# Universal blade guard for table saw



## Aaron OS (12 mo ago)

Hello, 

I recently bought a Ryobi BTS21 table saw without a blade guard. This part is not available anymore and me being a novice (and nervous) wood worker am not comfortable using it without one. 

Does anyone know if any of the universal guards fit this model? 

Thank you, 

Aaron


----------



## Bob Bengal (Jan 2, 2021)

Aaron OS said:


> Hello,
> 
> I recently bought a Ryobi BTS21 table saw without a blade guard. This part is not available anymore and me being a novice (and nervous) wood worker am not comfortable using it without one.
> 
> ...


Welcome to the forum.

Do you have the part behind the blade, it attaches below the table top and comes above it?

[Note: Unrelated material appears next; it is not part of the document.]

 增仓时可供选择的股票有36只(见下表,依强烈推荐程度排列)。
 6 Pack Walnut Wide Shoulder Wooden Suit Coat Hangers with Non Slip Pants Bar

If so a photo would be good.

Often the same tool is sold by different brands, if you can figure out which brand is compatible with yours that might be your best bet.


----------



## woodnthings (Jan 24, 2009)

Have you checked Ebay for the blade guard:








ryobi table saw blade guard for sale | eBay


Get the best deals for ryobi table saw blade guard at eBay.com. We have a great online selection at the lowest prices with Fast & Free shipping on many items!



www.ebay.com


----------



## swp (Dec 17, 2021)

Like most people (I suppose) when I got my latest tablesaw the blade guard, an improbable piece of plastic and metal that looked more lethal than the blade, was the first thing to go. Ten years later, as I looked at the crater left in the end of my finger by a flying offcut I decided it was time to find a blade guard that would protect me from another accident like that. This is what I found: About Us – Shark Guard. It's nothing exotic, but it works for me and fits my TS with no modification.


----------



## Herring Impaired (Jan 7, 2022)

Shark Guard is what I bought also. Bonus is that it comes with a splitter and dust collection port....


----------



## Aaron OS (12 mo ago)

Bob Bengal said:


> Welcome to the forum.
> 
> Do you have the part behind the blade, it attaches below the table top and comes above it? If so a photo would be good.
> 
> Often the same tool is sold by different brands, if you can figure out which brand is compatible with yours that might be your best bet.


Hi Bob, 

It does not have that either. I'm assuming he took that off when he took of the guard. Here is a picture of the arbour, etc.








Thanks all,


----------



## Wingedwheel (May 17, 2021)

There are probably several brands that would work and there’s also placing a call to Ryobi customer service. 1-877-634-5704. They may be able to help, good luck.


----------



## dbhost (Jan 28, 2008)

I started off with a BTS21, Decent little saw with a lot of similarities to the BT3000 and BT3100 which are both well regarded saws. 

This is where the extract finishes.